▸ **Your task**
Only one stretch of the data below is wanted: the lines starting at the one with "Quoteslyfe.com, 2025. Fri." and ending at the one with "Moderne und gepflegte", both included, given again exactly.
(Beginning of Material shown)
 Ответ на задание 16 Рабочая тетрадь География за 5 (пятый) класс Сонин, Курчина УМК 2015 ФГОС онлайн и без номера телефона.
(End of Material shown)
(Beginning of Material shown)
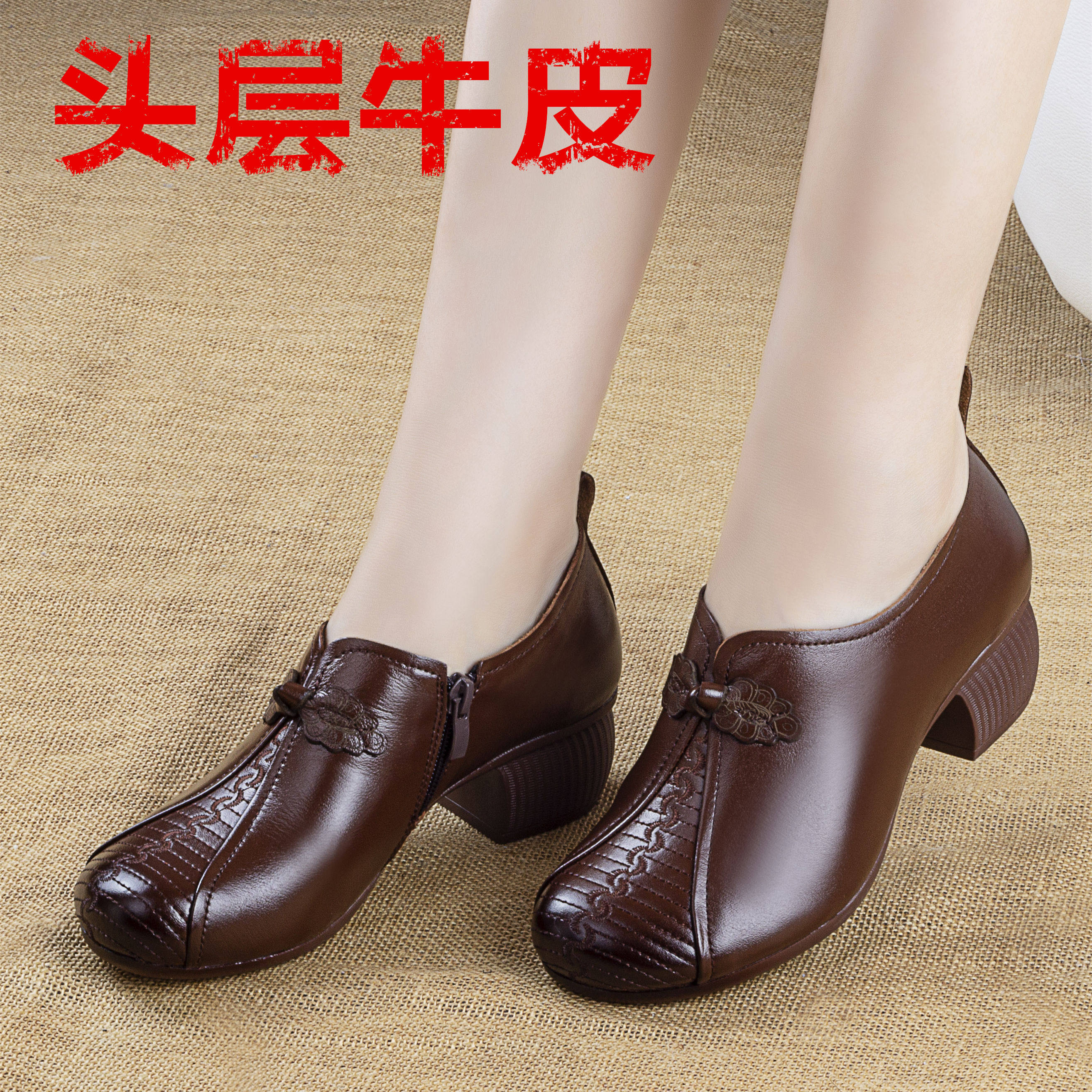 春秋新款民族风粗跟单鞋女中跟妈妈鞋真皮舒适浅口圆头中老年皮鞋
(End of Material shown)
(Beginning of Material shown)
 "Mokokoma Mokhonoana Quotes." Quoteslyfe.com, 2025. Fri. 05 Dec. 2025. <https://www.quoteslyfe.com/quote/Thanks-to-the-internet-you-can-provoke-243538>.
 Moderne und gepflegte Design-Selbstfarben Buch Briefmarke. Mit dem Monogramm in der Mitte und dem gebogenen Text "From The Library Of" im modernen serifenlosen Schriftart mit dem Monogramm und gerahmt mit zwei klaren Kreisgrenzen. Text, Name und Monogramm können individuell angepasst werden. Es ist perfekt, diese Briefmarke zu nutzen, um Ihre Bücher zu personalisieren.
(End of Material shown)
▸ **Result of the exercise**
 "Mokokoma Mokhonoana Quotes." Quoteslyfe.com, 2025. Fri. 05 Dec. 2025. <https://www.quoteslyfe.com/quote/Thanks-to-the-internet-you-can-provoke-243538>.
 Moderne und gepflegte Design-Selbstfarben Buch Briefmarke. Mit dem Monogramm in der Mitte und dem gebogenen Text "From The Library Of" im modernen serifenlosen Schriftart mit dem Monogramm und gerahmt mit zwei klaren Kreisgrenzen. Text, Name und Monogramm können individuell angepasst werden. Es ist perfekt, diese Briefmarke zu nutzen, um Ihre Bücher zu personalisieren.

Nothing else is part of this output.